Local Defense Responses in bsmt1 Plants Are Similar to Those in the Wild Type.

(A) and (B) Bacterial growth quantification of Psm avrRpm1 (OD = 0.005) (A) and Psm (OD = 0.002) (B) in leaves of wild-type and bsmt1 mutant plants 3 DAI. Bars represent means (±sd) of cfu per cm2 from at least six parallel samples from different plants, each sample consisting of three leaf disks. No significant differences in bacterial numbers were detected at 3 DAI and 1 HAI (data not shown) for samples from different lines.

(C) and (D) Accumulation of the defense hormones SA (C) and JA (D) at sites of Psm avrRpm1 inoculation (10 HAI). Control samples were infiltrated with 10 mM MgCl2.

(E) RNA gel blot analysis of PR-1 expression in Col-0 and bsmt1 leaves infiltrated with 10 mM MgCl2 or Psm avrRpm1 (Psm avr). Leaf samples were taken at 10 and 24 HAI.
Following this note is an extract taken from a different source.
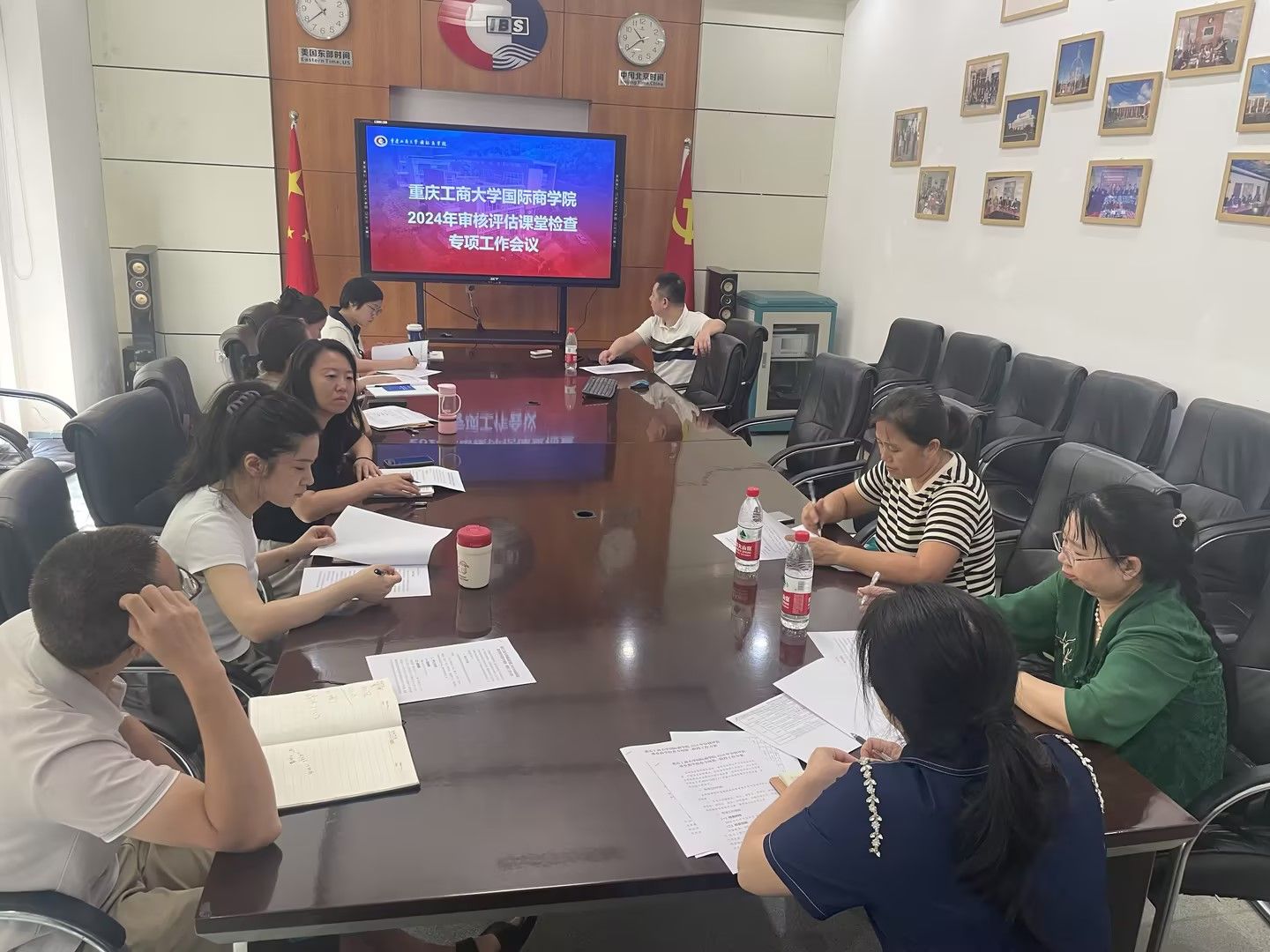 为全面落实学校2024年审核评估课堂教学检查专项工作方案要求我院于9月6日制定了《yl7703永利集团国际商学院2024年审核评估课堂教学检查专项工作第一阶段方案》,9月7日召开了yl7703永利集团国际商学院2024年审核评估课堂检查专项工作会议,学院李大鹏书记、詹川院长以及各系主任、督导、教学秘书以及学院邀请的外院专家参加了会议,会议由詹川院长主持。

(F) Relative ICS1 expression in Col-0 and bsmt1 leaves infiltrated with 10 mM MgCl2 or Psm avrRpm1, as assessed by quantitative real-time PCR analyses (see Figure 5D for details). Leaf samples were taken at 10 and 24 HAI. Asterisk indicates statistically significant differences between Psm avrRpm1–treated wild-type and mutant samples (P < 0.05).